Seit Wochen dreht sich dieses Thema in meinem Kopf. Was mich zurückhält, ist, dass ich zu dem Thema tatsächlich schon einmal einen Blogbeitrag geschrieben habe. Doch dann schrieb Heiko, dass wir beim nächsten Treffen das Thema Rechnungsstellung besprechen müssen und nun kann ich mich doch nicht zurückhalten, denn es gibt noch so viel mehr zu sagen und der Sog, alles in Teamsitzungen zu verschieben, ist immer wieder so verlockend.
Bleiben wir bei dem Thema Rechnungsstellung und denken das Szenario mal zu Ende durch. Es gibt nur drei Personen in unserem Team, deren Rollen tatsächlich davon betroffen sind. Drei weitere Menschen würden also einfach rumsitzen. Nun sind wir anderen drei sehr unterschiedlich. Florian kann das mit dem nichts sagen, wenn es ihn nichts angeht, gut. Er würde sich wahrscheinlich einfach innerlich mit anderen Dingen befassen.
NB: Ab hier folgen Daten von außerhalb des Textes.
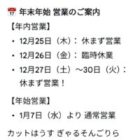 19日(金)通常通り、店先の予約で営業です。年末年始営業案内あり。

Christoph und ich wiederum haben ein Hirn, das sofort in den Lösungsprozess geht. In uns würde automatisch das perfekte Rechnungssystem entstehen. Christoph könnte seine Gedanken wahrscheinlich zurückhalten, ich verfüge über diese Kernkompetenz leider nicht. Aus mir würden einfach nur Worte und Ideen sprudeln, um die mich keiner gebeten hat. Bilanz: die Arbeitszeit von drei Menschen ist unnötig gebunden, die Gedankenkraft von zwei Menschen von den eigenen Aufgaben abgezogen und die Menschen, die eigentlich schnell entscheiden müssten, kommen in meinem Ideenschwall nicht zum Sprechen - was bei mir im Anschluss eine Schamattacke auslöst und die anderen müssen mich dann trösten. Keine:r ist wirklich glücklich. Hinzu kommt, dass zwischen heute (das Problem ist bewusst) und der Teamsitzung (das Problem wird gelöst) Zeit vergeht, Zeit, in der Rechnungen weiterhin falsch gestellt werden.
Wir kommen alle aus anderen Organisationen und dort sind Teamsitzungen immer das Allheilmittel. Wir müssen umlernen, nicht nur im Großen, sondern eben auch in all den ganz kleinen Dingen, über die wir sonst nicht nachdenken.
Es dauert seine Zeit, bis wir bei Anliegen, die wir nicht alleine bewältigen, nicht einfach nur "Team" denken, sondern uns die Minute Zeit nehmen, zu überlegen, wen ich eigentlich wirklich brauche und ein kleines kurzes Treffen ausschließlich mit diesen Menschen und sehr zeitnah einrichte. Was mir hilft, mit dem Respekt vor der Arbeitszeit der anderen verbunden zu bleiben. Haben die Anwesenden einen Mehrwert aus diesem Gespräch? Ist mein Mehrwert aus ihrer Anwesenheit so groß, dass ich sie um ein Zeitgeschenk bitten möchte?
Und doch, immer wieder ertönt der Ruf nach einem wöchentlichen Teamtreffen. Nicht, weil wir danach echte Sehnsucht haben, sondern weil wir merken, dass wir etwas brauchen, um informiert und verbunden zu bleiben. Doch wir verbieten es uns, den scheinbar einfachen Weg der wöchentlichen Sitzung, die aber dann doch unglaublich viele innere und äußere Ressourcen bündelt und unnötigerweise Freiheit kostet, zu wählen.
Was uns eigentlich fehlt, ist gar nicht die regelmäßige Teamsitzung, sondern es sind die Gespräche am Kaffeeautomaten, die wir hätten, wenn wir am selben Ort arbeiten würden.
Diese Gespräche sind der eigentliche Kit von Organisationen, denn wie die Bienchen transportieren wir hier Informationen und erleben uns in zwischenmenschlichen Beziehungen. Dieses Netzwerk an kleinen, fast zufälligen Begegnungen müssen wir nun in die digitale Welt übertragen. Aus meiner Sicht bedeutet das, sehr kleinteilig online einzustellen, woran wir gerade arbeiten, vor allem aber immer einmal wieder der spontane Griff zum Hörer, wenn wir die Beziehung nicht mehr spüren können.